▶ [Action item] The expected output is each line from the one containing "面出しを終えて、パテ粉をエアブローしたら" to the last line of the data below, set down exactly, minus the pictures.

▶ [Listed entries]
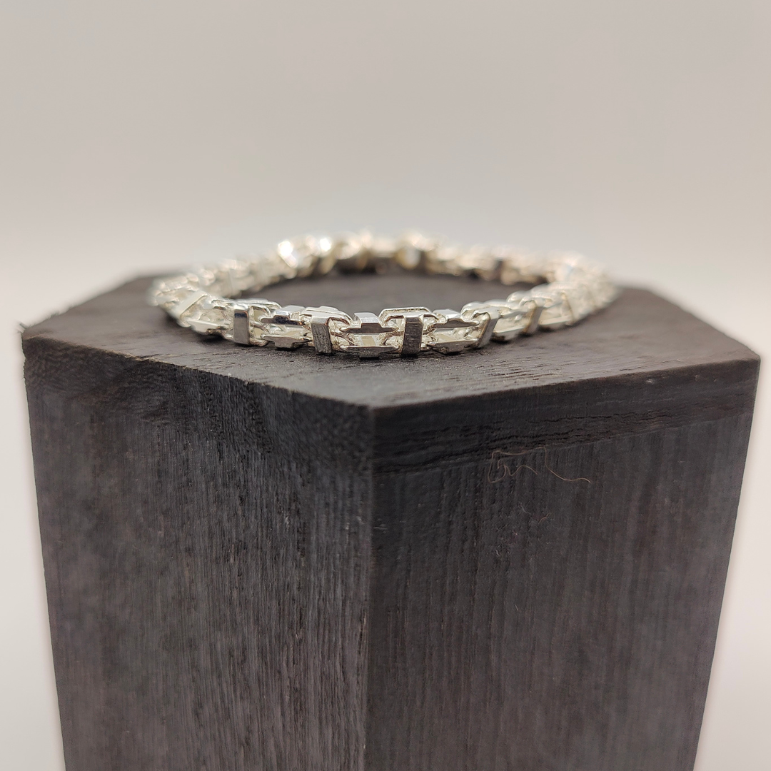 Fabricada en plata, puede tener un acabado pulido o envejecido, destacando su belleza y durabilidad. Las pulseras bizantinas a menudo incluyen detalles ornamentales como grabados, filigranas o incrustaciones, lo que les confiere un aire de elegancia y distinción.
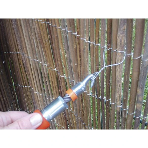 Automatische twister voor het vastzetten van afrasteringen (rietmatten, bamboematten,…) en tuinschermen.
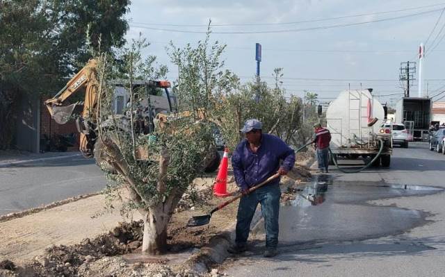 La dependencia también efectúa la reforestación del camello de la calle Herreros, de los fraccionamientos Valle de Bravo y Portal de San Miguel, donde se sembraron 8 arbolitos y se les instaló tierra negra para asegurar su crecimiento y desarrollo.
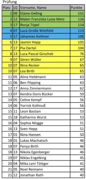 freue mich sehr, dass alle Teilnehmer ihr Prüfungsziel mit sehr guten
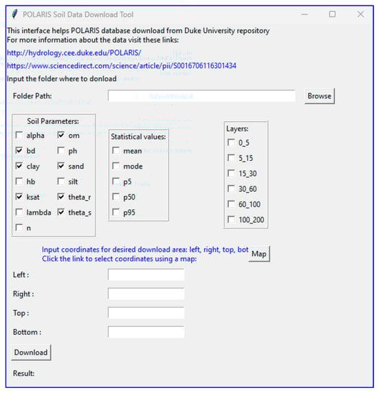 The POLARIS soil database was accessed and downloaded from the repository at http://hydrology.cee.duke.edu/POLARIS/PROPERTIES/v1.0/, accessed n 05 August 2024. Four data tiles were downloaded to encompass the full extent of the BMW, covering a geographic range from −90° to −88° W longitude and from 37° to 39° N latitude. Within this specified area, raster datasets of mean values were acquired for eight key soil properties, including bulk density (g/cm3), organic matter content (%), saturated hydraulic conductivity (cm/h), soil texture (percent clay, silt, and sand), residual water content (), and saturated water content () in m3/m3. These datasets were extracted across the six available soil layers. The data retrieval was efficiently conducted using the “POLARIS Soil Data Download” tool, designed for rapid and reliable access to POLARIS data (Figure 4). This process yielded 32 raster files, with four tiles for each of the eight soil properties, representing the respective soil layers. The tool’s Python code, along with an executable version, is available at https://github.com/noayarae/POLARIS_Soil_Data_Download_Tool/tree/main, accessed on 28 October 2024.
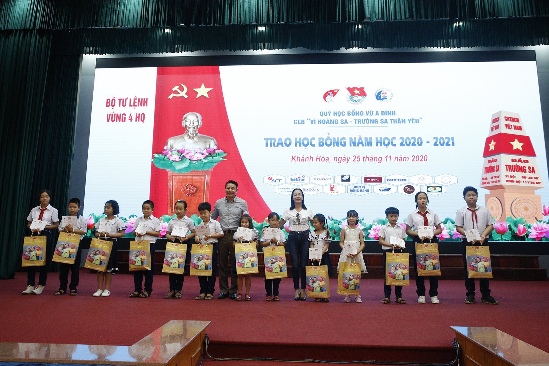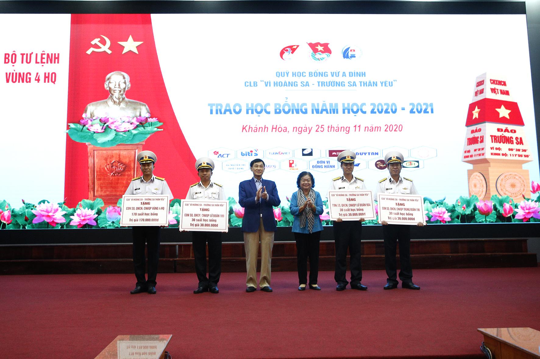 Dịp này, Quỹ học bổng Vừ A Dính và Câu lạc bộ Vì Hoàng Sa-Trường Sa thân yêu trao tặng 260 suất học bổng; mỗi suất gồm 1 triệu đồng, 1 bình đựng nước uống, 1 quần, 1 đôi dép, vở và bút viết. Các cháu nhận học bổng đều là học sinh giỏi có hoàn cảnh khó khăn, con của quân nhân, CNVQP thuộc Vùng 4, Lữ đoàn 954, Lữ đoàn 189 và Trung đoàn 196 Hải quân.
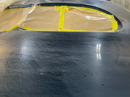 面出しを終えて、パテ粉をエアブローしたら
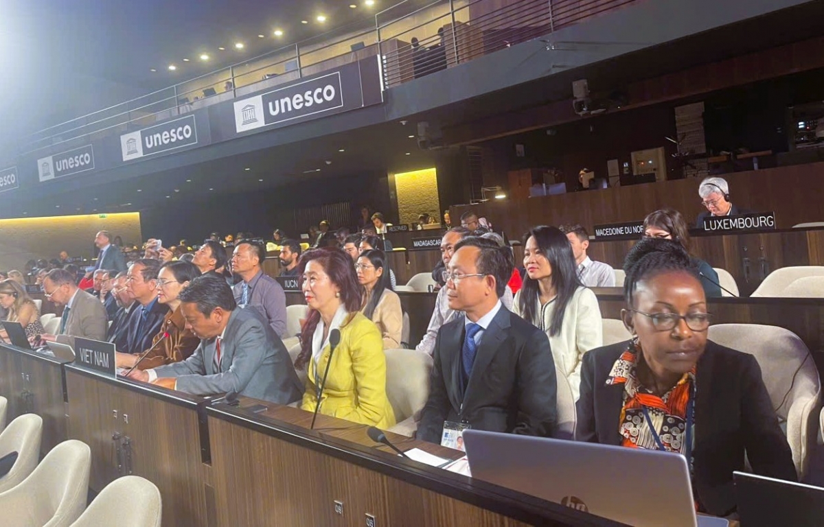 | Đoàn công tácViệt Nam tham dự Kỳ họp lần thứ 47 của Ủy ban Di sản Thế giới tại Thủ đô Paris (Pháp) - Ảnh: Cục DSVN |
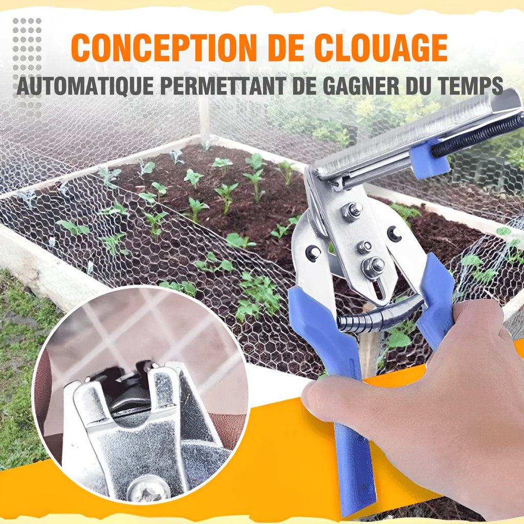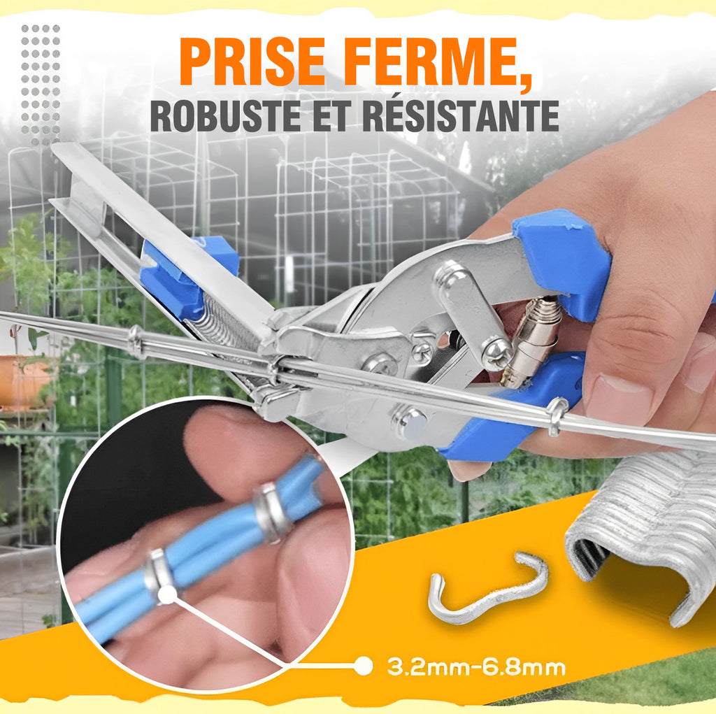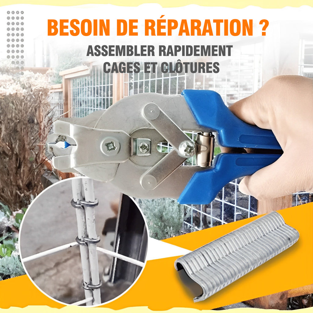 * Convient aux cages en fil de fer de 3 Ă 8 mm de diamĂštre et s'utilise facilement comme une agrafeuse, en serrant fermement.
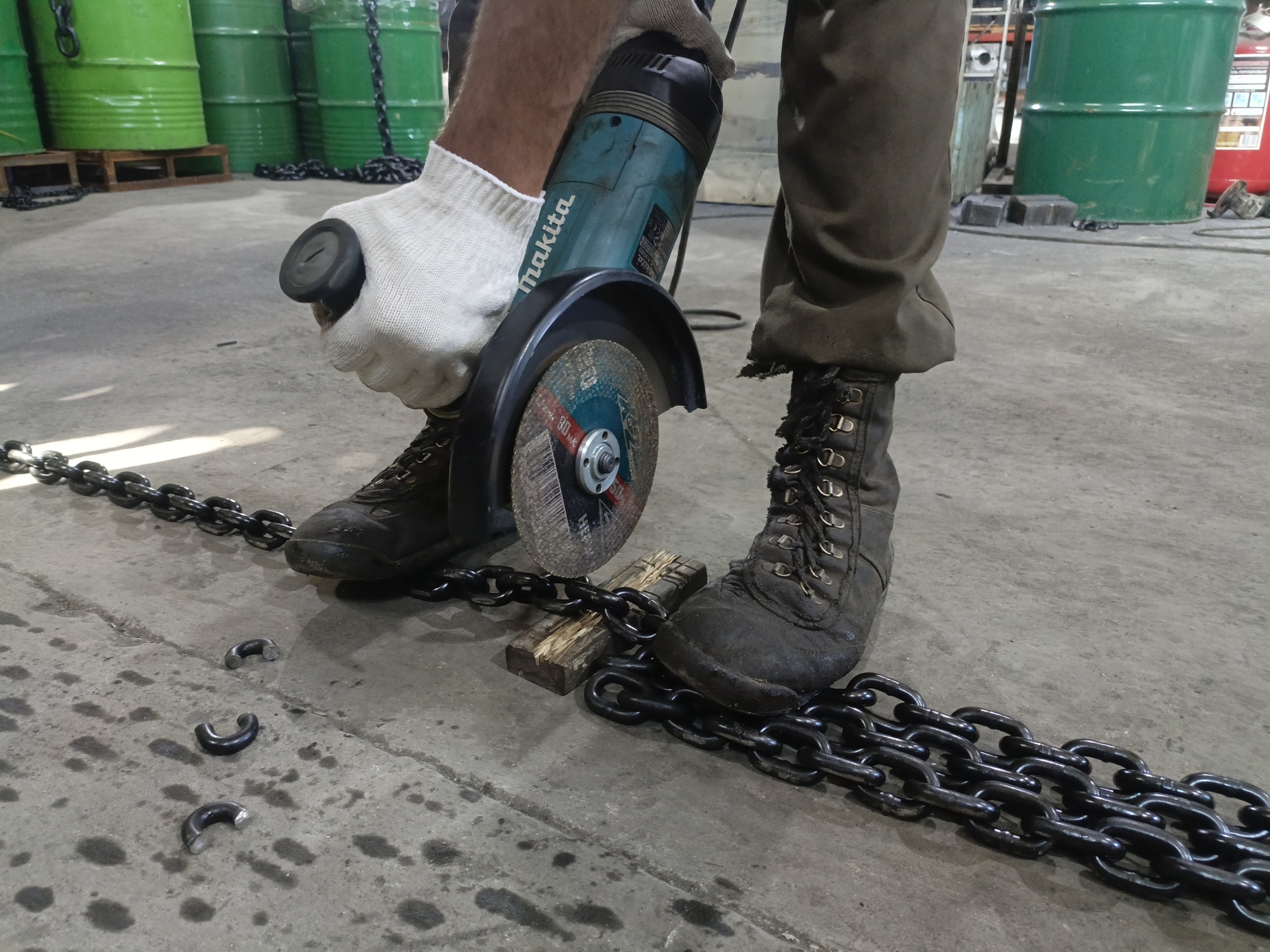 И что то мне подсказывает, что на фото ниже это нифига не правильно. Искры от себя. Ок. А что с положением тела? и как по другому можно зафиксировать цепь?

▶ [Solution to this exercise]
 面出しを終えて、パテ粉をエアブローしたら
 | Đoàn công tácViệt Nam tham dự Kỳ họp lần thứ 47 của Ủy ban Di sản Thế giới tại Thủ đô Paris (Pháp) - Ảnh: Cục DSVN |
 * Convient aux cages en fil de fer de 3 Ă 8 mm de diamĂštre et s'utilise facilement comme une agrafeuse, en serrant fermement.
 И что то мне подсказывает, что на фото ниже это нифига не правильно. Искры от себя. Ок. А что с положением тела? и как по другому можно зафиксировать цепь?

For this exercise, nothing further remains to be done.